In response to a request from Bear Valley Joint Authority, the Pennsylvania Department of Environmental Protection has issued a new emergency public water supply permit authorizing the authority to use existing filtration facilities temporarily while work on new drinking water source and filtration plant continues in Franklin County...

HARRISBURG, PA, Oct. 20, 2008 -- In response to a request from Bear Valley Joint Authority, the Pennsylvania Department of Environmental Protection has issued a new emergency public water supply permit authorizing the authority to use existing filtration facilities temporarily while work on new drinking water source and filtration plant continues in Franklin County.

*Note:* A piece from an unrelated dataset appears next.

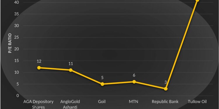 Hence comparing P/E ratios of Tullow Oil, Kosmos Energy and Eni would be more appropriate, unfortunately, the latter two companies are not listed on the Ghana Stock Exchange (GSE).

"The emergency permit was issued to ensure an adequate supply of drinkable water was available to Bear Valley customers while the authority, its engineers and equipment manufacturer work to complete installation of a new filtration facility," said DEP Southcentral Regional Director Rachel Diamond.

Because of the Bear Valley Joint Authority's inability to meet its maximum daily demand of approximately 2 million gallons, the company agreed to a moratorium on new service connections under the terms of a 2004 consent order and agreement with the department. The authority serves 4,000 customers in Hamilton, Peters and Saint Thomas townships.

To meet the daily demand of its customers, Bear Valley has been purchasing an additional 250,000 gallons of water per day from Chambersburg Borough, while developing a new source well and completing the construction of a replacement filtration plant on Broad Run. Bear Valley has purchased the land rights for the new well, but has yet to bring it into service.

In December, DEP recognized Bear Valley's strides to increase its source capacity in a new consent order and agreement and lifted the moratorium, allowing an additional 450 new connections over three years, provided the authority continues to make progress. The revenue generated from the new connections will help the authority pay for the required upgrades.

"Although Bear Valley has made progress in some areas, it continues to lag behind in others," said Diamond. "The authority had originally committed to having the new filtration plant operational by March, but it has been unable to meet even revised deadlines."

The existing plant has been operating at 125 percent of its designed capacity since 2004. The new emergency permit expires in January.